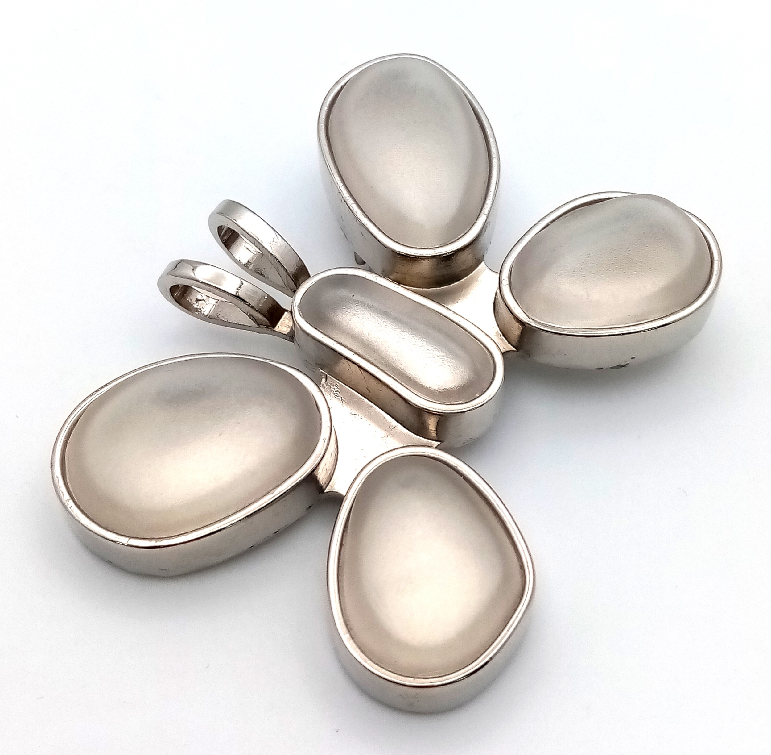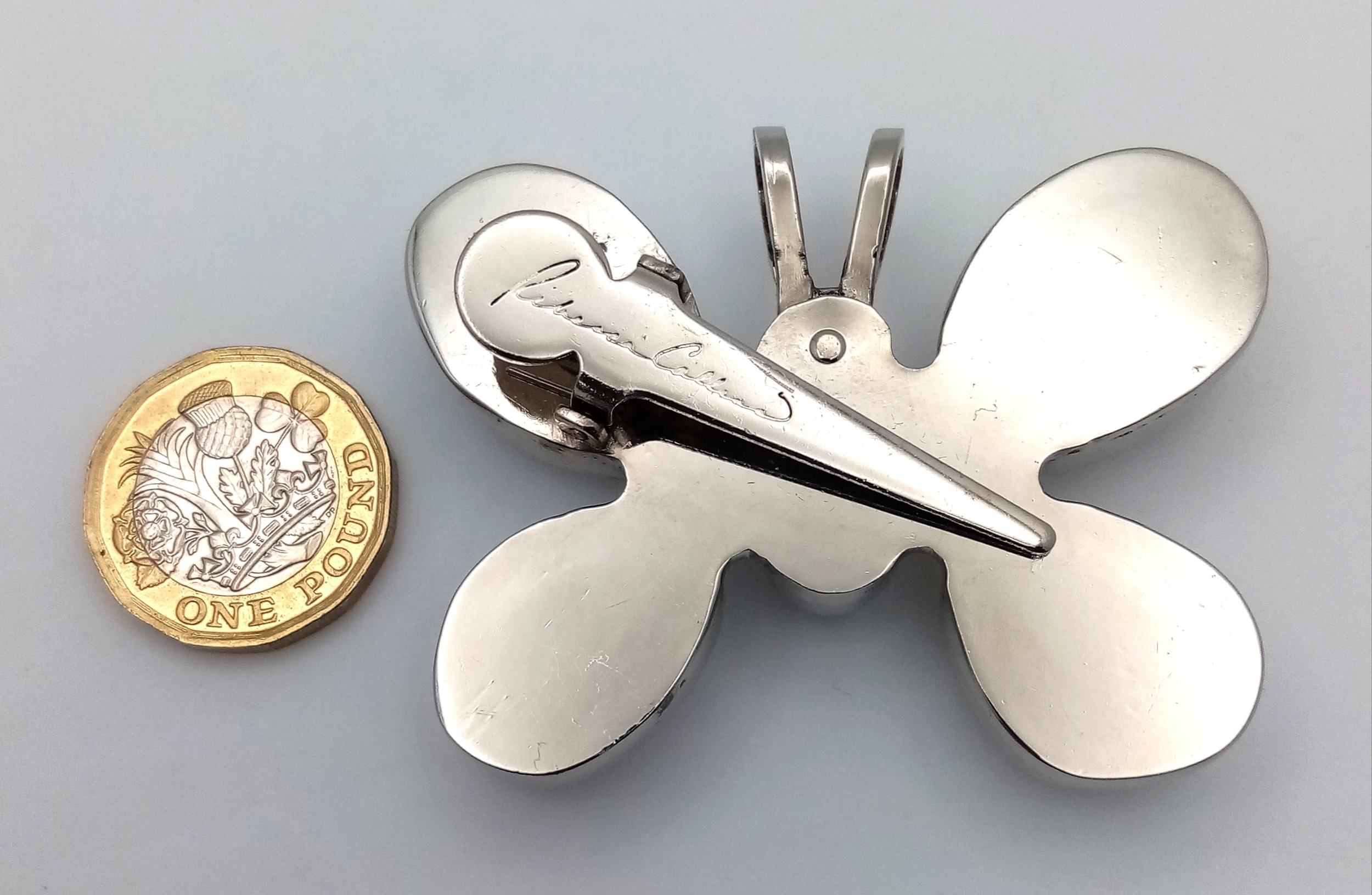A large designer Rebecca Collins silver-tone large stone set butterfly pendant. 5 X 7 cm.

-=-=-

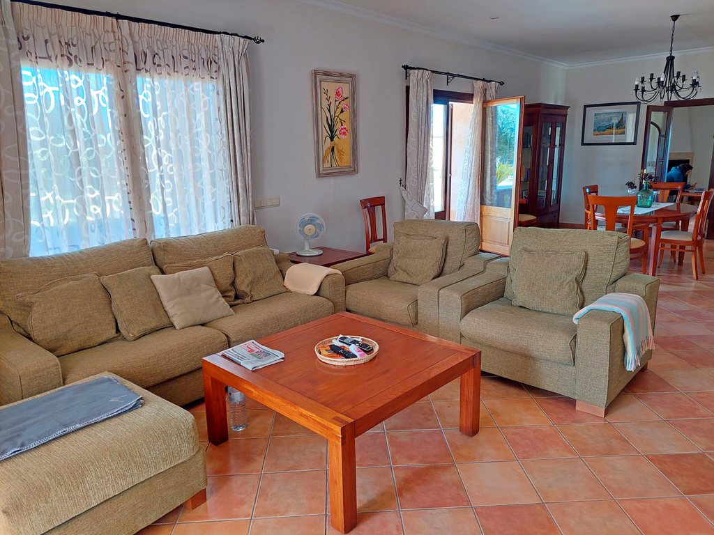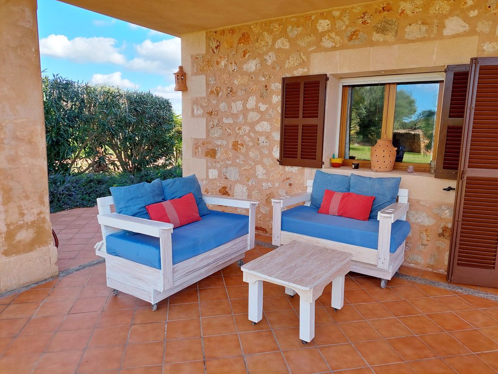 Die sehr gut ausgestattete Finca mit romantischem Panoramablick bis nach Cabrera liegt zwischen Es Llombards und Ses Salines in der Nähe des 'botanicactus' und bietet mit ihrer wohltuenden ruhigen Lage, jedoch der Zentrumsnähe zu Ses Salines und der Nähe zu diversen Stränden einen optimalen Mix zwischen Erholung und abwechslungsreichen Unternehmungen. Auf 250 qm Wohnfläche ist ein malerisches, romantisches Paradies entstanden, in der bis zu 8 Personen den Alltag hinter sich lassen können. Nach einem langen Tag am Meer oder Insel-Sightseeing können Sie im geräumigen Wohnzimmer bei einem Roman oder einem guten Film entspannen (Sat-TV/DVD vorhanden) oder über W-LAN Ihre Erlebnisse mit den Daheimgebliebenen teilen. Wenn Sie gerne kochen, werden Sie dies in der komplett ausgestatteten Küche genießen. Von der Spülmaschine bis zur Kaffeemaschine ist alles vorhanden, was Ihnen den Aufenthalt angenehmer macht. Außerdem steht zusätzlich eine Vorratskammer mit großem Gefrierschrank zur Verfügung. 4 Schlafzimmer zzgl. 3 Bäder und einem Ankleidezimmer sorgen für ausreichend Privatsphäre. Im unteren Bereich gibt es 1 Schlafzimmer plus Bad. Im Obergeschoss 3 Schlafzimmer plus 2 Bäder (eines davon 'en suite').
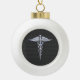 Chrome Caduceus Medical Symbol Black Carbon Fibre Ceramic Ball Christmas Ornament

-=-=-

What the exercise asks | Copy the lines above exactly, starting at the one with "Die sehr gut" and ending at the one with "Chrome Caduceus Medical", both included. Leave out any pictures and add nothing else.

Solution |
 Die sehr gut ausgestattete Finca mit romantischem Panoramablick bis nach Cabrera liegt zwischen Es Llombards und Ses Salines in der Nähe des 'botanicactus' und bietet mit ihrer wohltuenden ruhigen Lage, jedoch der Zentrumsnähe zu Ses Salines und der Nähe zu diversen Stränden einen optimalen Mix zwischen Erholung und abwechslungsreichen Unternehmungen. Auf 250 qm Wohnfläche ist ein malerisches, romantisches Paradies entstanden, in der bis zu 8 Personen den Alltag hinter sich lassen können. Nach einem langen Tag am Meer oder Insel-Sightseeing können Sie im geräumigen Wohnzimmer bei einem Roman oder einem guten Film entspannen (Sat-TV/DVD vorhanden) oder über W-LAN Ihre Erlebnisse mit den Daheimgebliebenen teilen. Wenn Sie gerne kochen, werden Sie dies in der komplett ausgestatteten Küche genießen. Von der Spülmaschine bis zur Kaffeemaschine ist alles vorhanden, was Ihnen den Aufenthalt angenehmer macht. Außerdem steht zusätzlich eine Vorratskammer mit großem Gefrierschrank zur Verfügung. 4 Schlafzimmer zzgl. 3 Bäder und einem Ankleidezimmer sorgen für ausreichend Privatsphäre. Im unteren Bereich gibt es 1 Schlafzimmer plus Bad. Im Obergeschoss 3 Schlafzimmer plus 2 Bäder (eines davon 'en suite').
 Chrome Caduceus Medical Symbol Black Carbon Fibre Ceramic Ball Christmas Ornament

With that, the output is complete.